Blogbeat: This one you can actually see on an earlier post. I’ve been having a bit of a go at Blogbeat lately because I actually want to like them, but I find it hard to love an interface that’s so bloody ugly (it doesn’t work for me.. I don’t care what Scoble says).

After my last post, Jeff from Blogbeat lobbed up and posted a little comment that totally put a human face on that company and their service for me. And then he linked to me! Even though I wasn’t saying entirely flattering things.

And what’s the outcome? I’ve got about 15 days left on my free trial at Blogbeat and now I’m almost sure I’ll pay them their $24USD. Eh.
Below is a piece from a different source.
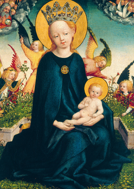 Штефан Лохнер. Мария с Младенцем Христом перед скамейкой из дерна. Ок. 1440. Дерево, масло. Старая Пинакотека, Мюнхен

I feel like I kind of know them now. I have an emotional involvement with them now. If anyone’s going to get my cash, then I’d rather it be someone I know (this is not a new concept). Its like I want to reward them for caring about what I think, and engaging in the conversation.

powerful customer service 2.0, or I’m just a big sucker.
Either way, I like it.

Then today – Technorati impressed my socks off.

Now, I’m not compulsive about my Technorati ranking… Its hard to get too excited about it when there are so many digits involved! But I use Technorati tags and my blog hadn’t been updated on Techorati for over a month. I was pinging.. they weren’t receiving. What was up with that?

This morning I filled in their contact form to see what was going on. They auto-responded saying they might take a few days to get back to me. 5 minutes later I received an email from a real person telling me the what the problem was, that they’d fixed it and apologising.

5 minutes! Very impressed.

I had no inclination to blog about Technorati in the past. So many other people do, I figure, why add to the noise. But service like that is something special. So, here I am. Talking up Technorati. Doing their marketing for them.

So, when you go to seminars and hear people abstractly talk about ‘engaging in your customers conversations’, ‘listening to the market’, ‘creating a one to one relationship with your customer’, being honest, and open and truthful. This is what it looks like. Here are concrete examples.

I’d be interested to hear other examples you’ve had of personal experiences with customer service 2.0. The good, the bad and the ugly.

Who’s been treating you nice lately?